Saved entries
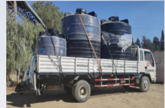
AMPL. SISTEMA DE AGUA POTABLE QUEWIÑAL DISTRITO PALCA (ADQ. DE INSUMOS; LOTE 1 ADQUISICIÓN DE TUBERÍAS HDPE Y ACCESORIOS; LOTE 2 ADQUISICIÓN DE TANQUES DE AGUA Y ACCESORIOS)
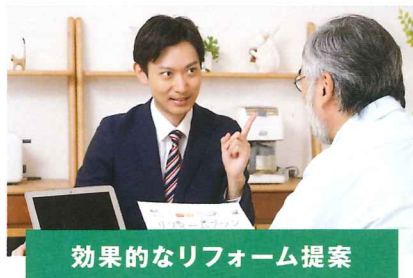
効果的なリフォーム提案
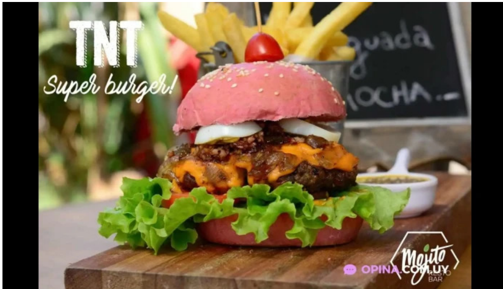
Mojito resto comida y bebida
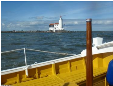
HET PAARD VAN MARKEN
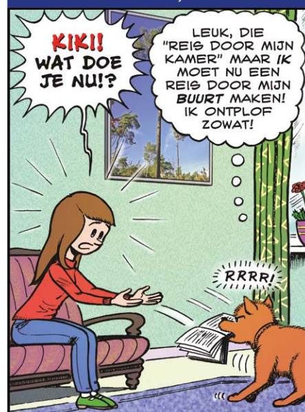
Cartoon: René van der Bij
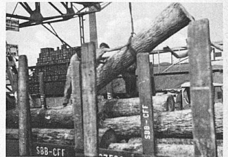
Das Hickoryholz wird aus den Rheinkähnen auf die Eisenbahnwagen umgeladen

Vous pouvez vous procurer au guichet de la gare des bons pour un ou plusieurs voyages en Suisse , et faire sous cette forme de très beaux cadeaux de Noël. Les bons peuvent être établis pour tous les genres de billets. Ceux-ci sont délivrés, sans attestation spéciale, à quiconque se présente avec le bon dans les trente jours.
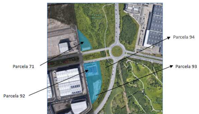
Ilustración 2 ámbito de la modificación y ubicación de las parcelas
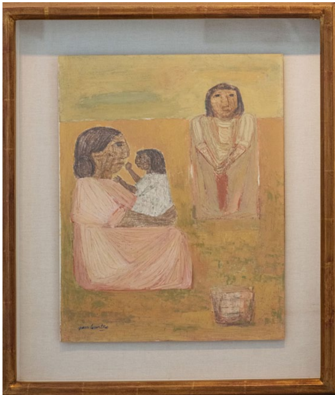
Leónidas Gambartes Tres Generaciones Cromo Al Yeso
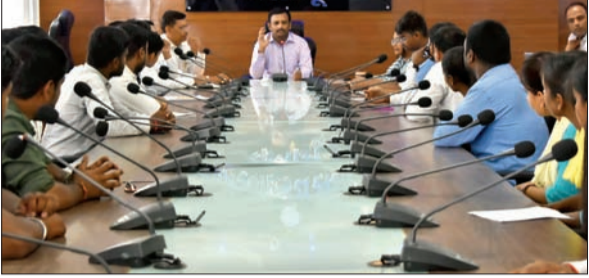
कैम्पस अंबेसडरों के साथ बैठक करते जिला निर्वाचन पदाधिकारी शशि रंजन।

पलामू में मतदाता सूची में नाम जुड़वाने का आज अंतिम दिन, फॉर्म 6 भरकर अपने वीएलओ या वीएचए के माध्यम से आवेदन करें : डीसी
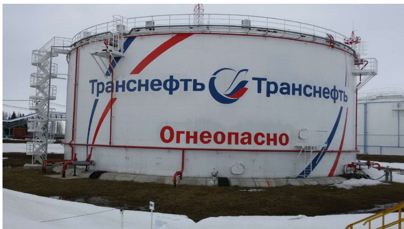
Рисунок 3 - Общий вид резервуара вертикального стального цилиндрического РВСП-10000
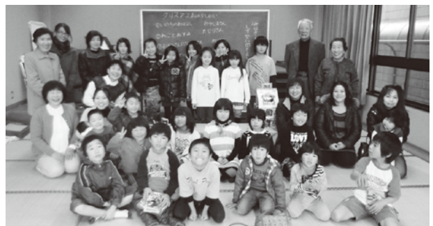
▲たくさんの参加ありがとうございます!
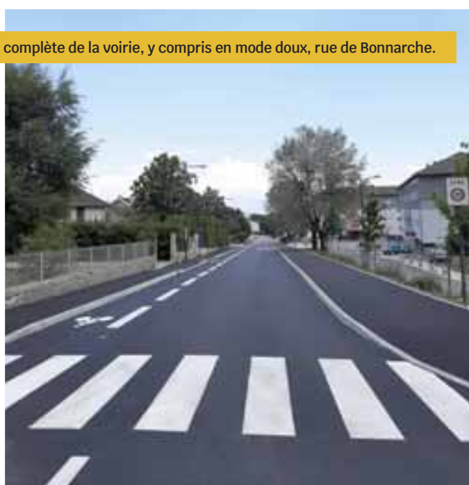
La réfection complète de la voirie, y compris en mode doux, rue de Bonnarche.
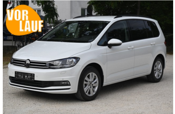
Tagesangebot Nr. K-109676 vom 08.05.2026

im Vorlauf, im Lager des ausliefernden Vertragspartners verbleibende Lieferzeit: 1 - 3 Wochen Neuwagen
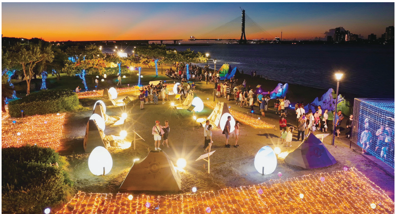
▲以國際藝術節吸引觀光人潮的啟發，各縣市紛紛以文化藝術為名舉辦各類節慶，猶如元宵燈會或花火節一般蔚為風潮。

我們樂見文化藝術創作能跟民眾對話，但美感培育要在家庭及學校生活中；公共藝術設計則要結合功能需求及生活地景，方足以成就建築及環境美學。
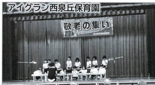
アイグラン西泉丘保育園
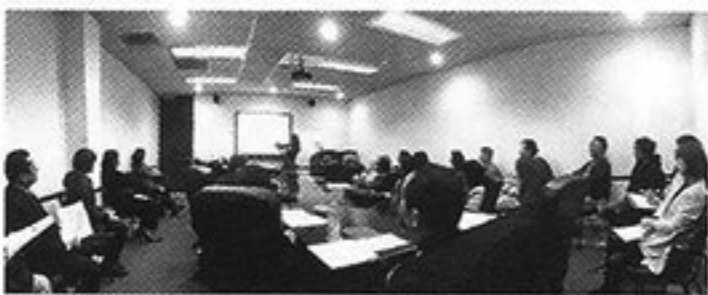
LA郊外トランスで行なわれたセミナーには、現地に住む約30人が受講。日本の葬儀費用、相続税率などの質問があったという

アメリカ・ロサンゼルスには多くの日本人が居住し、日本と同様、「終活」は大きな関心事の1つとなっている。高齢になるとそのまま同地で居住するか、帰国するかを考えるようになるという。また、どちらを選択するにしても、墓について悩む人も少なくない。こう
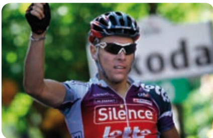
➤ Philippe Gilbert won een rit in de Giro.

Callant Verzekeringen is eveneens supplier van het Topsport Vlaanderen-Mercator cycling team. Hierover leest u meer in onze volgende nieuwsbrief. www.topsport-vlaanderen.be
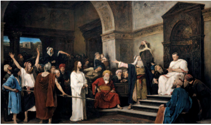
KRISZTUS PILÁTUS ELŐTT
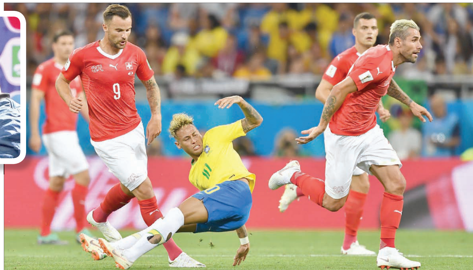
نيمار (في الوسط) استعرض كثيراً في مباراة البرازيل وسويسرا
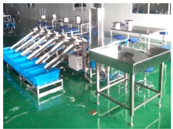
중량선별기 / 拣选机(Weight Checker)
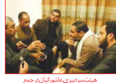
هیئت سردبیری عاشورائیان در جمع رزمندگان تیپ حبیب بن مظاهر در عراق

تلفنی به مسئولین سفارش مردم ناتوان را می‌کرد. وقتی که مرجعیت شیعه «حضرت آیت الله سیستانی» واجب کردند که مردم به جبهه بروند و بر علیه داعش بجنگند، در همان روز اول خودش و دوستانش به سامرا رفتند. داعشی‌ها تا یک کیلومتری حرم امام حسن عسکری (ع) نزدیک شده بودند. آیت الله سیستانی در روز جمعه فتوا دادند - ایشان روز شنبه به سامرا رفتند با صدام و صدایمان در همین بین الحرمین جنگید - بعد از سقوط صدام با آمریکائیه هم جنگید. آمریکایی‌ها او را در بصره زندانی کردند، تا ۳ سال هیچ کس از او هیچ اطلاعی نداشت. تمام نیروها و دفاتر مراجع تقلید پیگیر شدند ولی خبری از ایشان نبود. بعد از ۳ سال او را آزاد کردند. بعد از آن رفت در حرم امام حسین (ع) و آنجا مشغول کار شد و عضو اطلاعات حرم شد. در مواقع حمله به جنگ می‌رفت و وقتی که جنگ نبود به حرم برمی‌گشت و فی سبیل الله خدمت به زوار امام حسین (ع) می‌کرد. از طرف وزارت کشور به او درجه دادند. او قبول نکرد و گفت من به دستور مرجعیت شیعه به جنگ می‌روم. در جنگ فرمانده دسته آریچی زن‌ها بود. در جوف الصخر مردانه جنگید. اطراف قیور طفلان مسلم دلیرانه جنگید. دوساعت جنگید و آن محله را از
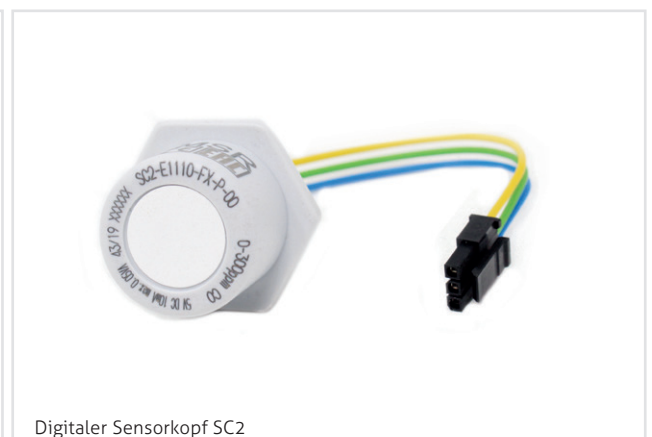
Digitaler Sensorkopf SC2
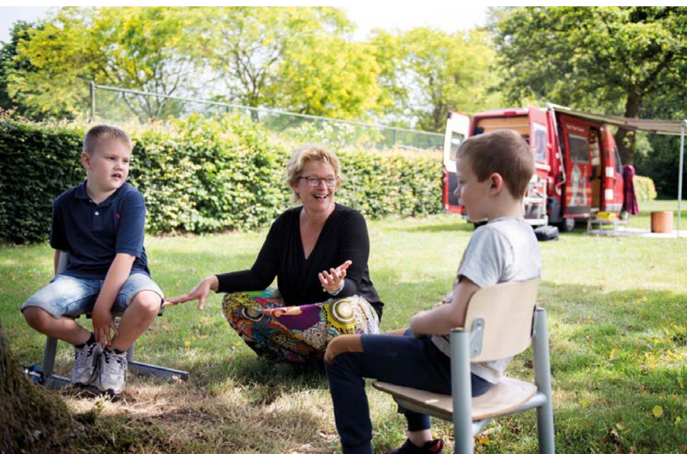
De Widdonckschool breidde het aanbod workshops uit met theaterles.
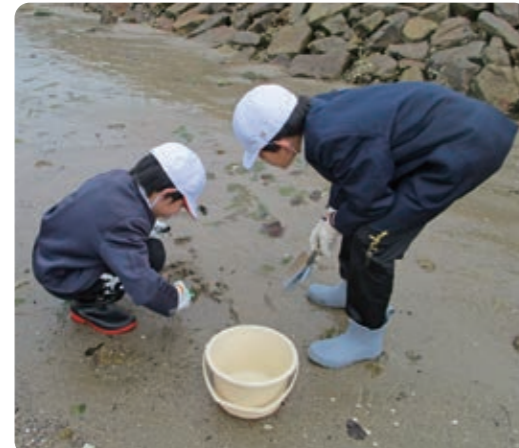
みんなでマテ貝を たくさんとって楽しい 長瀬海岸 初マテ貝採り 楽しい！ きゅうろう
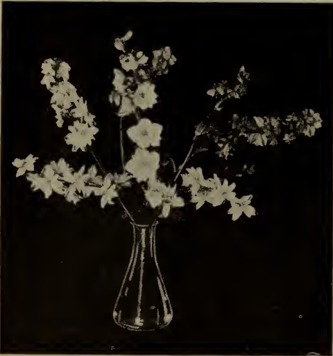
Pied d'alouette—A fleurs de giroflée (Voir Delphinium .)
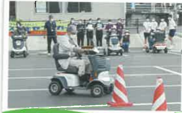
電動三輪車の講習会
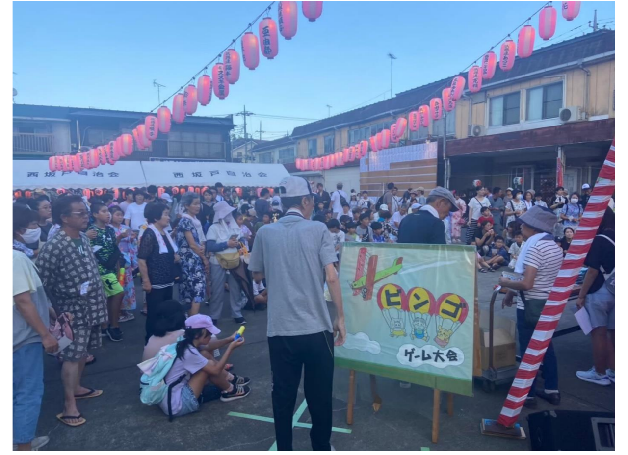
【2023年8月】 第50回西坂戸納涼祭
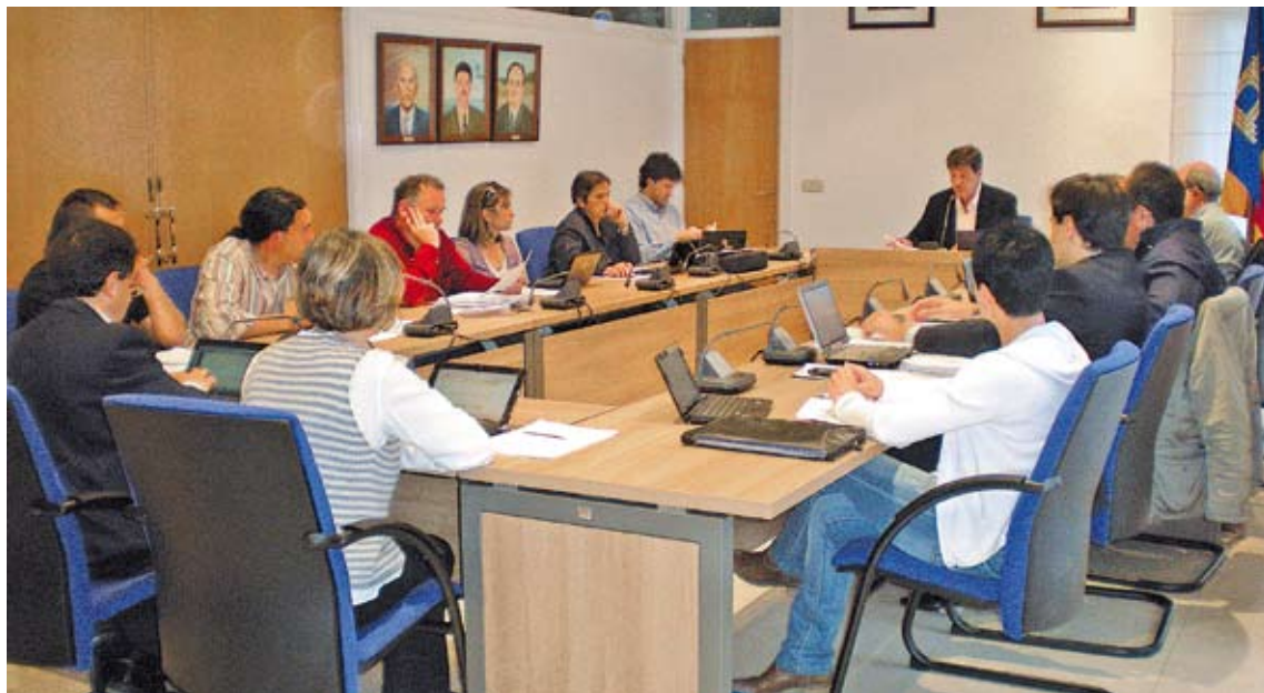
L'ESCALA. L'any passat l'Ajuntament ja va reformar la sala de plens en previsió de l'augment de regidors

D'altra banda, tal com va avançar HORA NOVA fa unes setma-

> Brief
Copy every line above exactly; images stay out.

> Solved problem
AMPL. SISTEMA DE AGUA POTABLE QUEWIÑAL DISTRITO PALCA (ADQ. DE INSUMOS; LOTE 1 ADQUISICIÓN DE TUBERÍAS HDPE Y ACCESORIOS; LOTE 2 ADQUISICIÓN DE TANQUES DE AGUA Y ACCESORIOS)
効果的なリフォーム提案
Mojito resto comida y bebida
HET PAARD VAN MARKEN
Cartoon: René van der Bij
Das Hickoryholz wird aus den Rheinkähnen auf die Eisenbahnwagen umgeladen

Vous pouvez vous procurer au guichet de la gare des bons pour un ou plusieurs voyages en Suisse , et faire sous cette forme de très beaux cadeaux de Noël. Les bons peuvent être établis pour tous les genres de billets. Ceux-ci sont délivrés, sans attestation spéciale, à quiconque se présente avec le bon dans les trente jours.
Ilustración 2 ámbito de la modificación y ubicación de las parcelas
Leónidas Gambartes Tres Generaciones Cromo Al Yeso
कैम्पस अंबेसडरों के साथ बैठक करते जिला निर्वाचन पदाधिकारी शशि रंजन।

पलामू में मतदाता सूची में नाम जुड़वाने का आज अंतिम दिन, फॉर्म 6 भरकर अपने वीएलओ या वीएचए के माध्यम से आवेदन करें : डीसी
Рисунок 3 - Общий вид резервуара вертикального стального цилиндрического РВСП-10000
▲たくさんの参加ありがとうございます!
La réfection complète de la voirie, y compris en mode doux, rue de Bonnarche.
Tagesangebot Nr. K-109676 vom 08.05.2026

im Vorlauf, im Lager des ausliefernden Vertragspartners verbleibende Lieferzeit: 1 - 3 Wochen Neuwagen
▲以國際藝術節吸引觀光人潮的啟發，各縣市紛紛以文化藝術為名舉辦各類節慶，猶如元宵燈會或花火節一般蔚為風潮。

我們樂見文化藝術創作能跟民眾對話，但美感培育要在家庭及學校生活中；公共藝術設計則要結合功能需求及生活地景，方足以成就建築及環境美學。
アイグラン西泉丘保育園
LA郊外トランスで行なわれたセミナーには、現地に住む約30人が受講。日本の葬儀費用、相続税率などの質問があったという

アメリカ・ロサンゼルスには多くの日本人が居住し、日本と同様、「終活」は大きな関心事の1つとなっている。高齢になるとそのまま同地で居住するか、帰国するかを考えるようになるという。また、どちらを選択するにしても、墓について悩む人も少なくない。こう
➤ Philippe Gilbert won een rit in de Giro.

Callant Verzekeringen is eveneens supplier van het Topsport Vlaanderen-Mercator cycling team. Hierover leest u meer in onze volgende nieuwsbrief. www.topsport-vlaanderen.be
KRISZTUS PILÁTUS ELŐTT
نيمار (في الوسط) استعرض كثيراً في مباراة البرازيل وسويسرا
중량선별기 / 拣选机(Weight Checker)
هیئت سردبیری عاشورائیان در جمع رزمندگان تیپ حبیب بن مظاهر در عراق

تلفنی به مسئولین سفارش مردم ناتوان را می‌کرد. وقتی که مرجعیت شیعه «حضرت آیت الله سیستانی» واجب کردند که مردم به جبهه بروند و بر علیه داعش بجنگند، در همان روز اول خودش و دوستانش به سامرا رفتند. داعشی‌ها تا یک کیلومتری حرم امام حسن عسکری (ع) نزدیک شده بودند. آیت الله سیستانی در روز جمعه فتوا دادند - ایشان روز شنبه به سامرا رفتند با صدام و صدایمان در همین بین الحرمین جنگید - بعد از سقوط صدام با آمریکائیه هم جنگید. آمریکایی‌ها او را در بصره زندانی کردند، تا ۳ سال هیچ کس از او هیچ اطلاعی نداشت. تمام نیروها و دفاتر مراجع تقلید پیگیر شدند ولی خبری از ایشان نبود. بعد از ۳ سال او را آزاد کردند. بعد از آن رفت در حرم امام حسین (ع) و آنجا مشغول کار شد و عضو اطلاعات حرم شد. در مواقع حمله به جنگ می‌رفت و وقتی که جنگ نبود به حرم برمی‌گشت و فی سبیل الله خدمت به زوار امام حسین (ع) می‌کرد. از طرف وزارت کشور به او درجه دادند. او قبول نکرد و گفت من به دستور مرجعیت شیعه به جنگ می‌روم. در جنگ فرمانده دسته آریچی زن‌ها بود. در جوف الصخر مردانه جنگید. اطراف قیور طفلان مسلم دلیرانه جنگید. دوساعت جنگید و آن محله را از
Digitaler Sensorkopf SC2
De Widdonckschool breidde het aanbod workshops uit met theaterles.
みんなでマテ貝を たくさんとって楽しい 長瀬海岸 初マテ貝採り 楽しい！ きゅうろう
Pied d'alouette—A fleurs de giroflée (Voir Delphinium .)
電動三輪車の講習会
【2023年8月】 第50回西坂戸納涼祭
L'ESCALA. L'any passat l'Ajuntament ja va reformar la sala de plens en previsió de l'augment de regidors

D'altra banda, tal com va avançar HORA NOVA fa unes setma-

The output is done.